A key design goal for SQL on Hadoop implementations is to minimize data transport overhead in performing SQL joins on Hadoop. Pivotal HDB employs dynamic pipelining to address this critical requirement that makes HDFS-based data suitable for interactive queries. Dynamic pipelining is a parallel data flow framework which uniquely combines:
- An adaptive, high-speed UDP interconnect
- A runtime execution environment for operations that underlie all SQL queries and tuned for big data workloads
- A runtime resource management layer, which ensures that queries complete, even in the presence of other very demanding queries on heavily utilized clusters
- A seamless data partitioning mechanism, which groups together the parts of a data set that are often used in any given query
Performance studies highlighted in Modular Query Optimizer Architecture for Big Data have shown that Pivotal HDB is one to two orders of magnitude faster than existing Hadoop query engines for Hadoop-based analytics and data warehousing workloads. These performance improvements are primarily attributable to dynamic pipelining and cost-based query optimizer capabilities within Pivotal HDB. This enables Pivotal HDB to off-load EDW workloads at a significantly lower cost to the enterprise.

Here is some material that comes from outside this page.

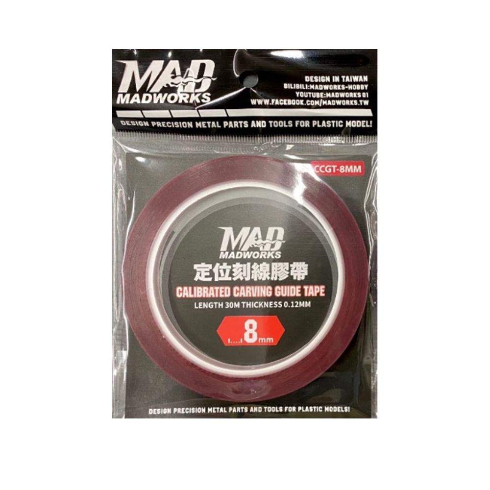 Madworks Calibrated Carving Guide Tape er utviklet for modellbyggere som søker presisjon og effektivitet i scribing-arbeid. Denne semi-transparente tapen har en hard kant og er utstyrt med trykte kalibreringsprikker, noe som gjør det enklere å plassere og justere linjer nøyaktig. Den brede 16 mm utformingen gir stabilitet under bruk, spesielt på buede eller komplekse overflater.

Integrated Deep Analytics and Machine Learning Capabilities
In addition to table joins and aggregations, data analytics often requires the use of statistical, mathematical and machine learning algorithms (such as regression, principal component analysis) refactored to run efficiently in a parallel environment. This is becoming a basic requirement for SQL on Hadoop implementations. Pivotal HDB provides these capabilities through Apache MADlib , an open source library for scalable in-database analytics extending the SQL capabilities on Hadoop through user-defined functions. MADLib also supports implementation of user-defined functions in PL/R, PL/Python and PL/Java for specifying customized machine learning capabilities. This enables normal analytics workloads to embed advanced machine learning processing for use cases that require these capabilities.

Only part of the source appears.